鳥取県のとある山村で、今から数年前の出来事だ。秋深まる頃、葉が落ちて山が静寂に包まれる季節だった。主人公はその村に住む20代の男性だった。彼は村の外れにある古びた家にひとりで暮らしていた。
ある晩、月明かりが照らす山道を歩いていると、不意に耳に飛び込んできたのは、かすかだが明らかに人の声だった。聞き覚えのない女性の声が、どこからともなく響いてくる。その声は、まるで彼の名前を呼んでいるかのように聞こえた。
最初は誰かが冗談を言っているのかと思ったが、周囲を見回しても人影はなく、ただ静まり返った山と木々だけがそこにあった。彼は不安を感じながらも、声の方へと引き寄せられるように進んでいった。
山道をさらに進むと、声は徐々に大きくなり、まるで目の前で話しているかのように聞こえるようになった。しかし、そこには誰もいない。声はただ森の中に溶け込むように消えていく。
その夜以降、彼は毎晩同じ声を聞くことになった。声は彼の名前を呼び、彼を山の中へ誘う。恐怖に打ち勝って調べようとしたが、どこからもその声の出所は見つからなかった。

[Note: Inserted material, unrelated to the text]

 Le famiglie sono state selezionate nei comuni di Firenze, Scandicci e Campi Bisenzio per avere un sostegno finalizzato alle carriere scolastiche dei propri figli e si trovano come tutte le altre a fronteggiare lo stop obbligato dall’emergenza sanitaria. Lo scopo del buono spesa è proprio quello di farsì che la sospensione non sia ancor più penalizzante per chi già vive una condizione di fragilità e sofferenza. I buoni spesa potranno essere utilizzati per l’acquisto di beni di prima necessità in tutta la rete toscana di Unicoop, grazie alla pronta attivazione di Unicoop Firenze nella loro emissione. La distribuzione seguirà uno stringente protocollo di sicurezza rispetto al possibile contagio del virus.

ある夜、突然声が変わった。先ほどまでとは違う、冷たく低い男の声が彼の名前を呼び始めた。そして、その声が言った。「もう、帰ってこない方がいい」
彼は恐怖のあまり、村の古い記録を調べることにした。すると数十年前、同じように村の外れで独り暮らしをしていた男性が、ある日突然姿を消した記録を見つけた。その男性も同じように山から聞こえる声に悩まされていたという。

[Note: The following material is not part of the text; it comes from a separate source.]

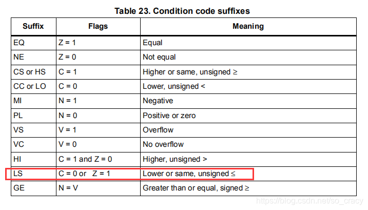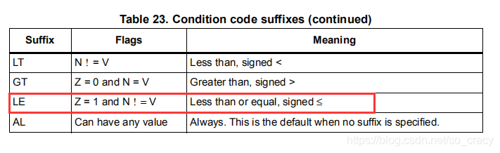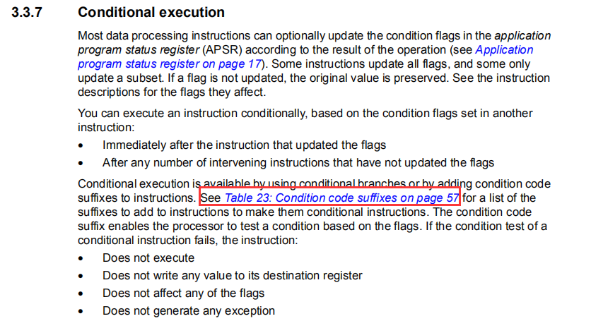 可选条件码在刚文档的表23, Table 23: Condition code suffixes on page 57:

村の古老に聞くと、「あの山には昔から何かが棲んでいると言われている。特に秋の夜はその声が聞こえやすいんだ」と言われた。
その日から、彼は山道を夜に歩くことをやめた。しかし、声は家の中でも、寝る時もずっと彼を追い続けた。最終的に、彼はこの村を離れる決心をした。

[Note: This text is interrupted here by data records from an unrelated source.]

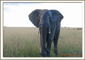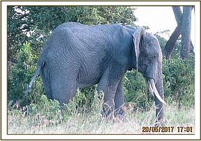 This bull was seen with a limping gait around the Keekorok area in the Reserve by the Masai Mara Rhino warden. He called the veterinary unit for assessment and possible intervention. The elephant was found alone along the road browsing and clearing favouring the right front leg. The limb appeared slightly swollen and flexed at the carpus.
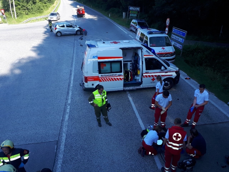 Während des Einsatzes um ca. 17h wurde die Feuerwehren zu einem weiteren schweren Verkehrsunfall auf die Kreuzung Wopfing LB21 gerufen. Hier kollidierte ein Motorradfahrer mit einem PKW. Der Motorradfahrer wurde unbestimmten Grades verletzt und nach der Versorgung durch den Notarzt in das Unfallkrankenhaus eingeliefert. Nach dem freimachen der Fahrbahn konnte diese wieder von der Polizei freigegeben werden. Aufgrund der beiden Unfälle kam es zu einem großräumigen Verkehrsstau.
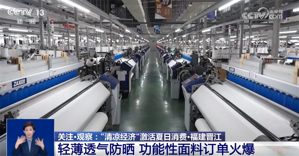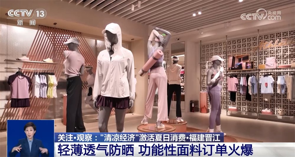 除了旅游消費,盛夏時節,防曬產品也迎來銷售旺季。在福建晉江,這里的多家服裝生產或紡織面料企業生產的涼感、速干、驅蚊、防曬等功能性面料訂單火爆,備受市場青睞。

引っ越しの日、荷造りをしていると、再びあの男の声が聞こえた。「お前が帰った後も、私たちはここにいる」と。
その後、彼がどこでどのような生活を送ったかは知られていないが、村の人々は今でも夜中に山から聞こえる声を恐れている。あの山道には、今も誰もが知らない謎が潜んでいるようだ。